■ **ASSIGNMENT**: Print exactly and only the lines that run from the one containing "Hallo Oma Gertrud." through the end of the material, please, omitting pictures.

------ INPUT MATERIAL

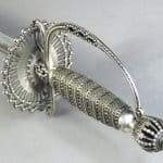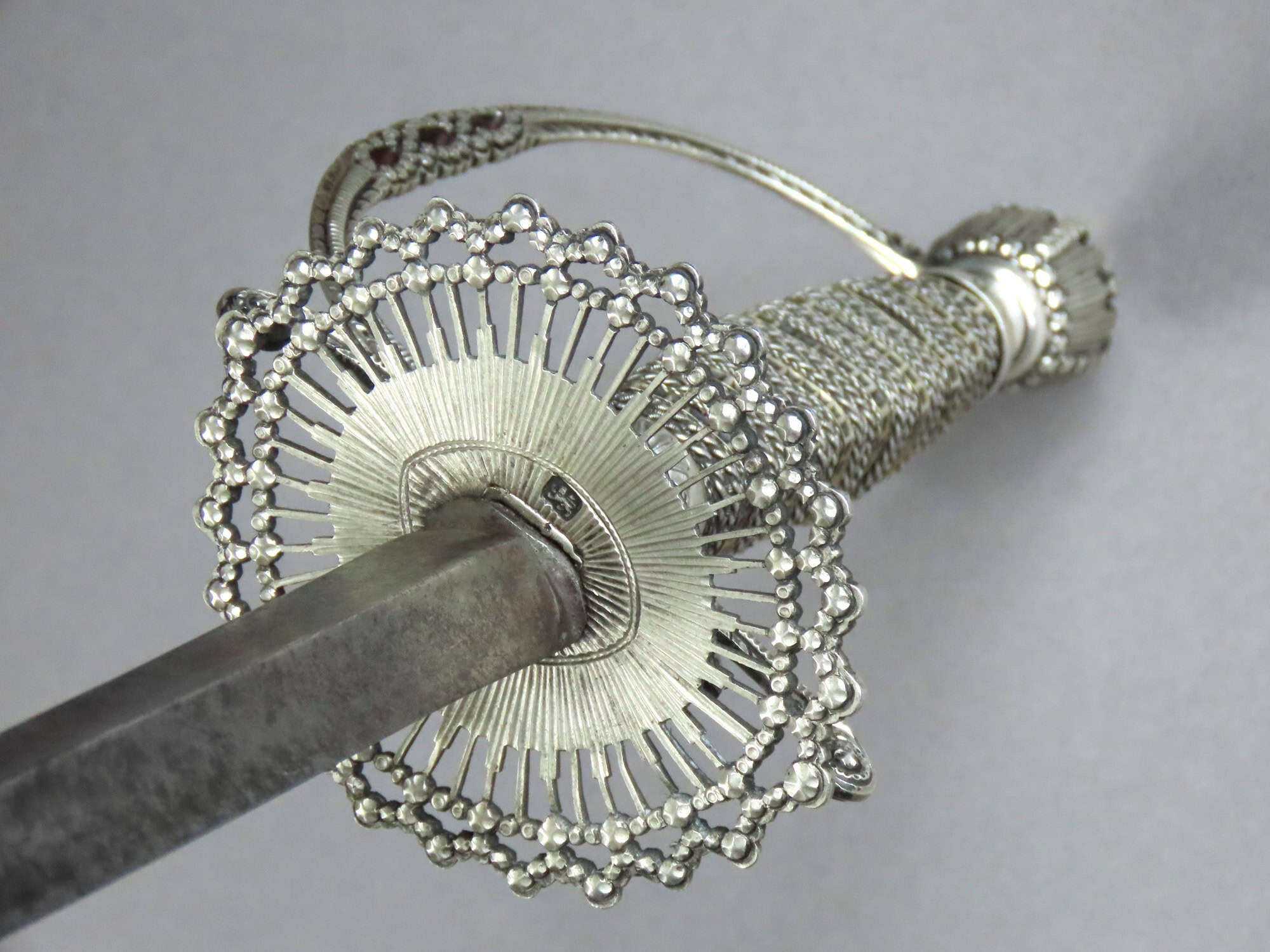 For a near identical sword by William Kinman see Leslie Southwick, “London Silver-Hilted Swords”, Royal Armouries, 2001, page 291, Plates 75, 76 & 77, for a sword in The Royal Armouries, Collection Reference: IX.3782. And for further information on Kinman’s life of see pages 159 and 160.
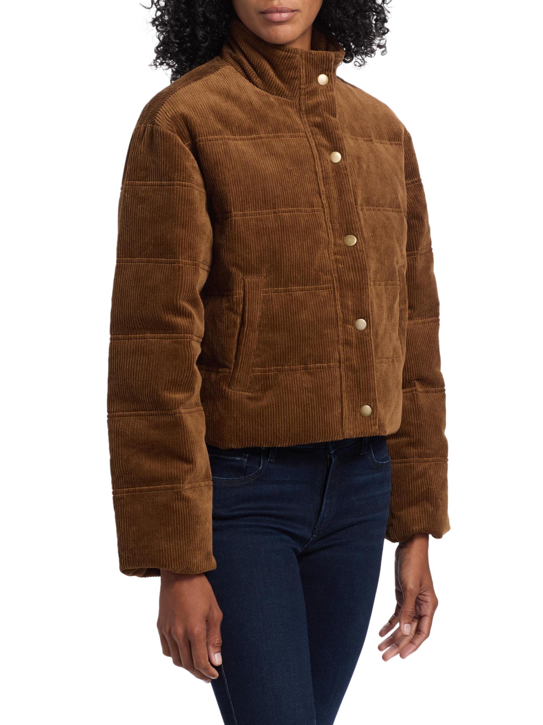 Paige's Astor puffer jacket is crafted of stretch cotton corduroy in a quilted design. Side vertical welt pockets and a front zip closure with an exposed snap storm placket lend elevated comfort to this style.Stand collar Long sleeves Side vertical welt pockets Front zip closure and snap storm placket 98% cotton/2% elastane Machine wash Imported
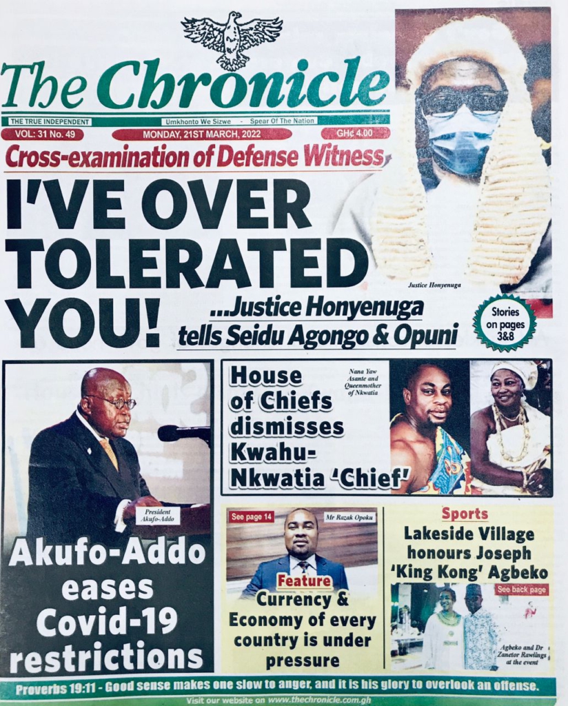 - Cross-examination of defence witness: I've over-tolerated you - Justice Honyenuga tells Seidu Agongo and Opuni
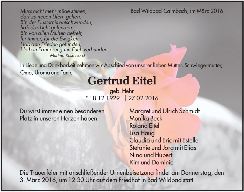Hallo Oma Gertrud. Ich denke fast 5 Jahre nach deinem Tod noch immer fast täglich an dich und vermisse dich. Mama ist jetzt auch gestorben. Bitte pass im Himmel gut auf sie auf! Ich liebe euch beide! Deine Enkelin Nina
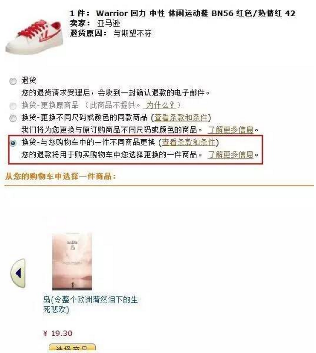 如果你想要更换完全不同的商品,需要将新商品加入购物车后才能进行此项更换,但是只能换由亚马逊直接销售和发货的商品。

------------

■ **SOLUTION**:
Hallo Oma Gertrud. Ich denke fast 5 Jahre nach deinem Tod noch immer fast täglich an dich und vermisse dich. Mama ist jetzt auch gestorben. Bitte pass im Himmel gut auf sie auf! Ich liebe euch beide! Deine Enkelin Nina
 如果你想要更换完全不同的商品,需要将新商品加入购物车后才能进行此项更换,但是只能换由亚马逊直接销售和发货的商品。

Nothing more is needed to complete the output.